EXERCISE PROMPT
With any pictures left out, restate word for word the lines in the listing below from the one holding "이 요구사항을 만족하기" through the last.

DATA SHOWN
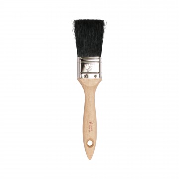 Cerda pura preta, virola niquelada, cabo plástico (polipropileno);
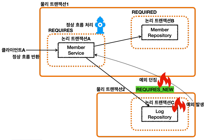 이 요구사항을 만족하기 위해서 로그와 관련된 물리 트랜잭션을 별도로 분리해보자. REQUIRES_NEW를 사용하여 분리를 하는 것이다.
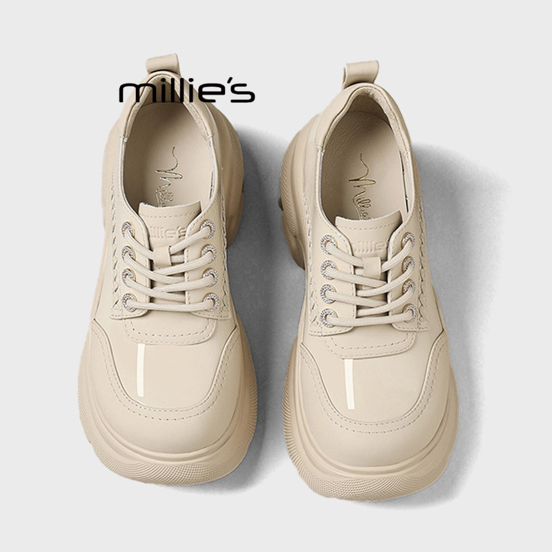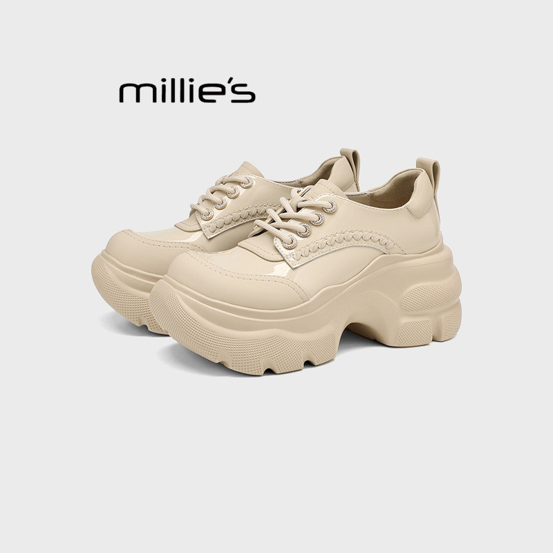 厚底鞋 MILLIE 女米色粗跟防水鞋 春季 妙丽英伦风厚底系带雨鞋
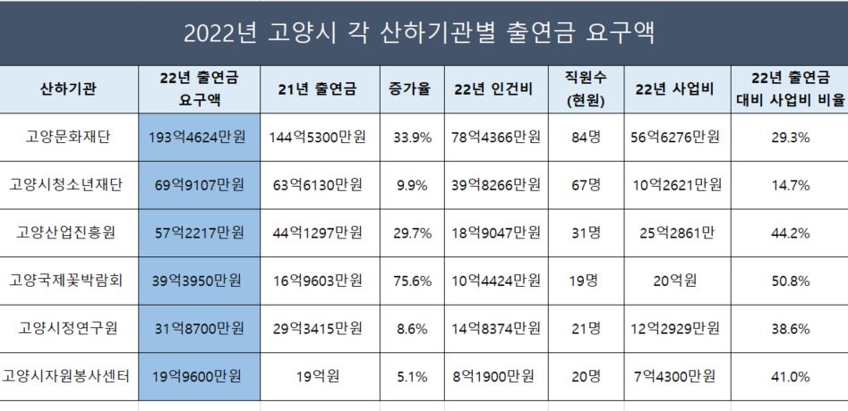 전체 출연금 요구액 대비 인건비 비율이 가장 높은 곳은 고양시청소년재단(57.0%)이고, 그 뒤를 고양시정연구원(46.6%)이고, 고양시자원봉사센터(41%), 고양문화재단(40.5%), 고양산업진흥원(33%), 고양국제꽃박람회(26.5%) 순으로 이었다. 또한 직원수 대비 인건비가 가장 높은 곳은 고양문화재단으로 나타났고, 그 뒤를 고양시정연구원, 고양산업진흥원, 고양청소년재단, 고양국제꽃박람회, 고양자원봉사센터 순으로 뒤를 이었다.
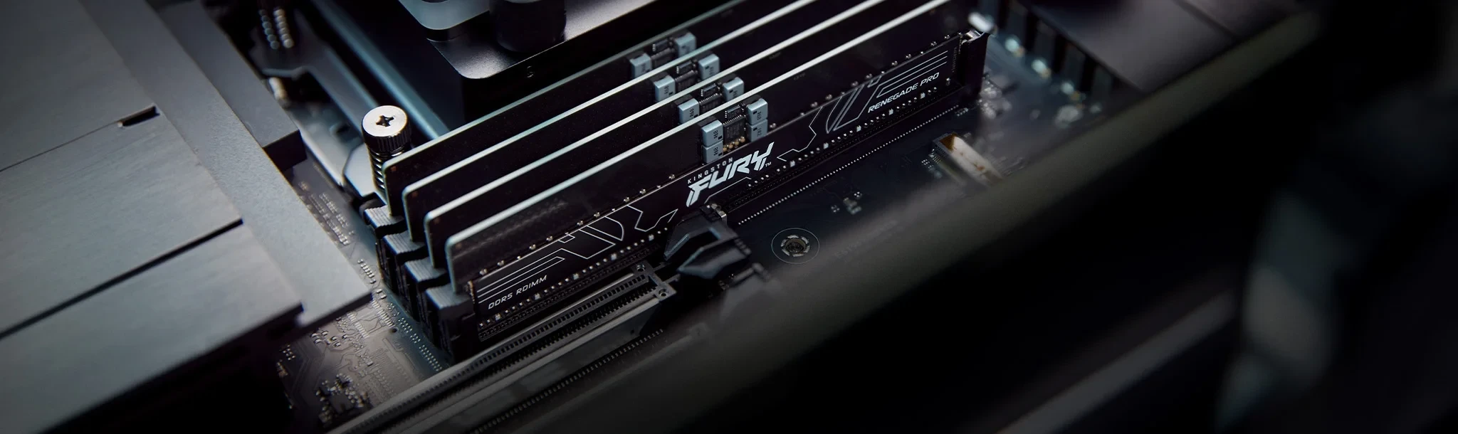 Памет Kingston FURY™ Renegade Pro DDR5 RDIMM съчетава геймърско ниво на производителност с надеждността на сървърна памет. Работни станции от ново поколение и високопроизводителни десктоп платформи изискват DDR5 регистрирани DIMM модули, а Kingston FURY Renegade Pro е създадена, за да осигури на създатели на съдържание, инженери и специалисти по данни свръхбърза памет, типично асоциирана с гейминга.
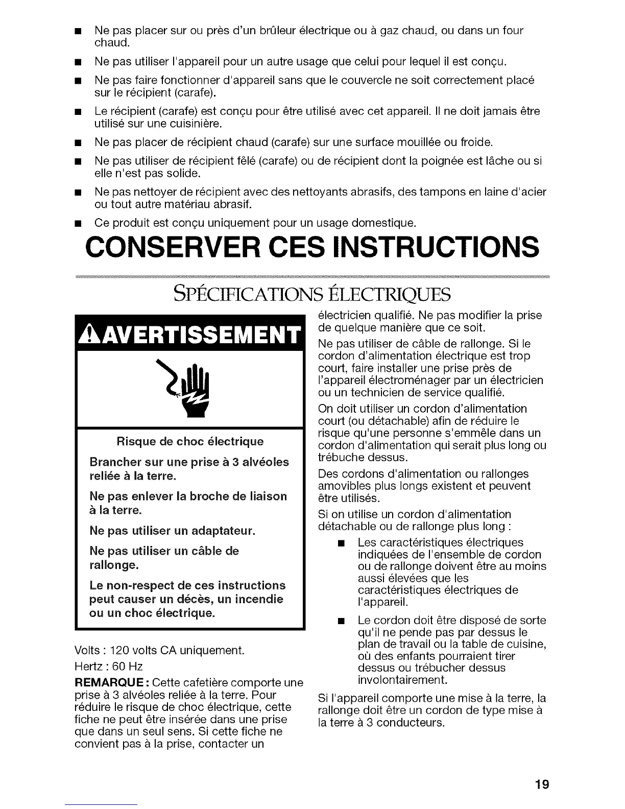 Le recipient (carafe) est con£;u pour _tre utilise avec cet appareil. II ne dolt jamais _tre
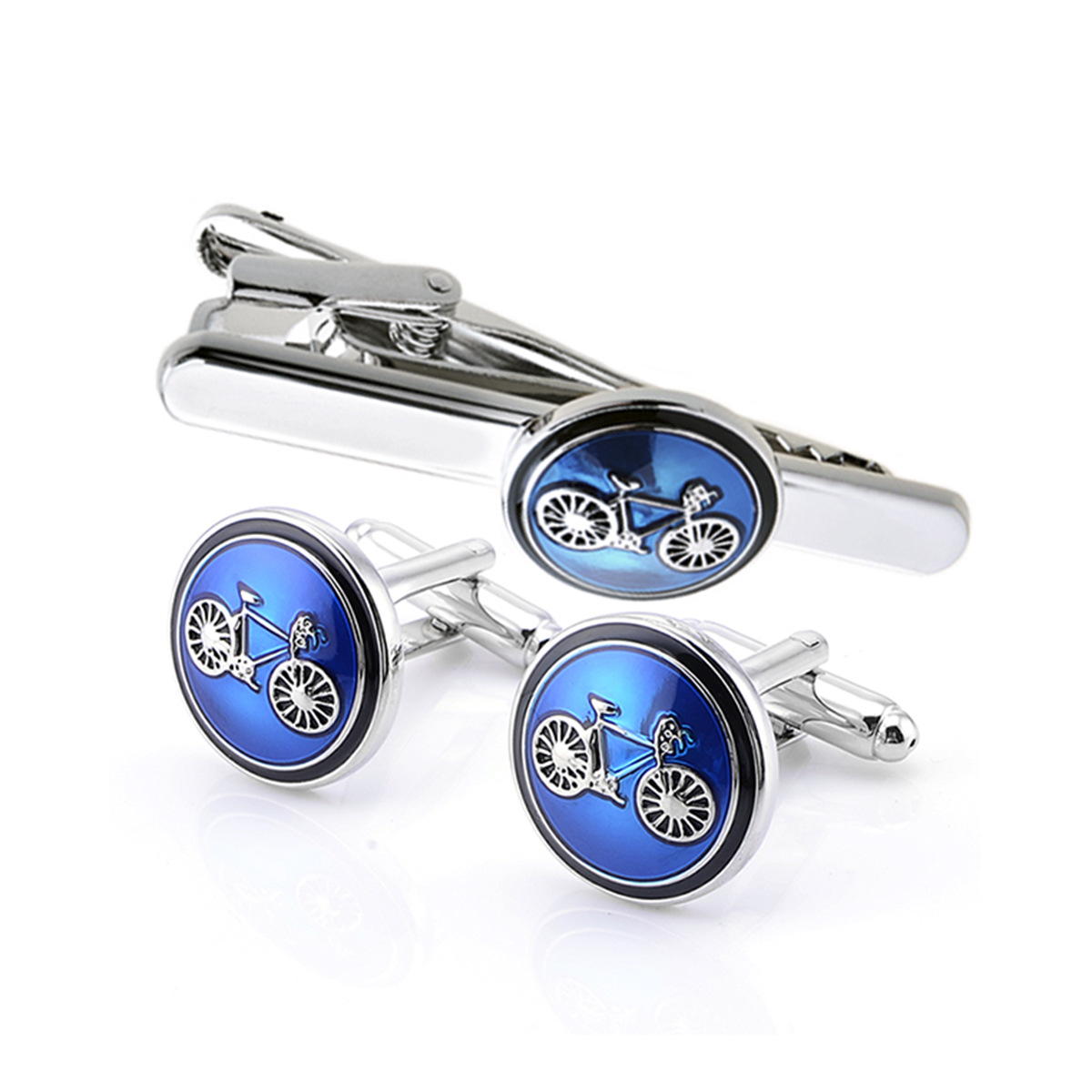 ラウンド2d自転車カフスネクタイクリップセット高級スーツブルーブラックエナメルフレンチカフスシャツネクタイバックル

RESPONSE TO THE TASK
 이 요구사항을 만족하기 위해서 로그와 관련된 물리 트랜잭션을 별도로 분리해보자. REQUIRES_NEW를 사용하여 분리를 하는 것이다.
 厚底鞋 MILLIE 女米色粗跟防水鞋 春季 妙丽英伦风厚底系带雨鞋
 전체 출연금 요구액 대비 인건비 비율이 가장 높은 곳은 고양시청소년재단(57.0%)이고, 그 뒤를 고양시정연구원(46.6%)이고, 고양시자원봉사센터(41%), 고양문화재단(40.5%), 고양산업진흥원(33%), 고양국제꽃박람회(26.5%) 순으로 이었다. 또한 직원수 대비 인건비가 가장 높은 곳은 고양문화재단으로 나타났고, 그 뒤를 고양시정연구원, 고양산업진흥원, 고양청소년재단, 고양국제꽃박람회, 고양자원봉사센터 순으로 뒤를 이었다.
 Памет Kingston FURY™ Renegade Pro DDR5 RDIMM съчетава геймърско ниво на производителност с надеждността на сървърна памет. Работни станции от ново поколение и високопроизводителни десктоп платформи изискват DDR5 регистрирани DIMM модули, а Kingston FURY Renegade Pro е създадена, за да осигури на създатели на съдържание, инженери и специалисти по данни свръхбърза памет, типично асоциирана с гейминга.
 Le recipient (carafe) est con£;u pour _tre utilise avec cet appareil. II ne dolt jamais _tre
 ラウンド2d自転車カフスネクタイクリップセット高級スーツブルーブラックエナメルフレンチカフスシャツネクタイバックル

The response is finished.